Hurricane Matthew Update | “One step closer back to normal”

Ailish O’Reilly is Haven’s Programmes Manager in Haiti.  She was on the island of Île à Vache off the south coast of Haiti when Hurricane Matthew hit last week.  Here, she tells us of the experience and of the devastation caused to the community.


Okay, I know we are technically on the weekend and maybe that is why my body does not want to get up.  I am as tired now as when I went to bed.  On reflection, I was probably a little dehydrated and maybe felt some delayed shock.  It is disorientating to wake up in a hotel bedroom when you are only five miles from home.

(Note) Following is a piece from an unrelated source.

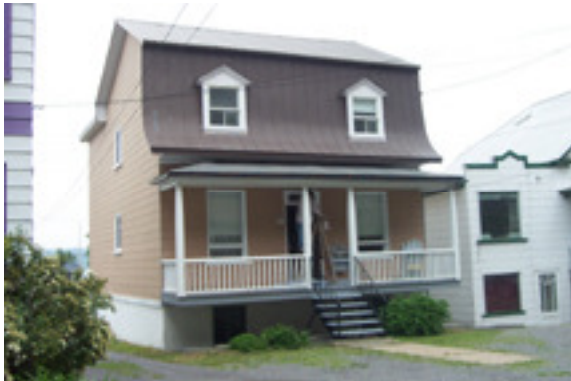
cédérom no : 3 Photo no 1 : dcp_1987

TYPE D'ENSEIGNE NOMBRE DISPOSITION aucun TYPE de COMMERCE:

There are reports, photos and videos to try and get out to home.  The internet is agonising.  We get 95% of the mail loaded, and then it goes or drops.  We are kneeling on the floor in one of the bedrooms trying to download the emergency response links and registers, so we can put Île à Vache onto the rota.

We head back to Madame Bernard to organise deliveries and look for more assistance from outside agencies. bring a television crew to the island, and we accompany them to see the impact of the hurricane.  It seems surreal to be doing a television interview and to talk about everything that happened.  I hope they don’t use the clip where I almost cried.

It’s not that I’m ashamed of being afraid; it is just so as not to worry my family. 

Watching the crew’s reaction to our stories makes us realise what an amazing thing it us for us all to have survived; their biggest surprise is that we have no casualties, and I even detect a hint of disappointment from a news-worthiness standpoint.

Nicole has cooked a big pot of lobster; the fishermen on one of the small islands had given us a big bucket as a thank you for bringing aid.  I get a quick taste and it is delicious; it is just as well as we never make it back for lunch.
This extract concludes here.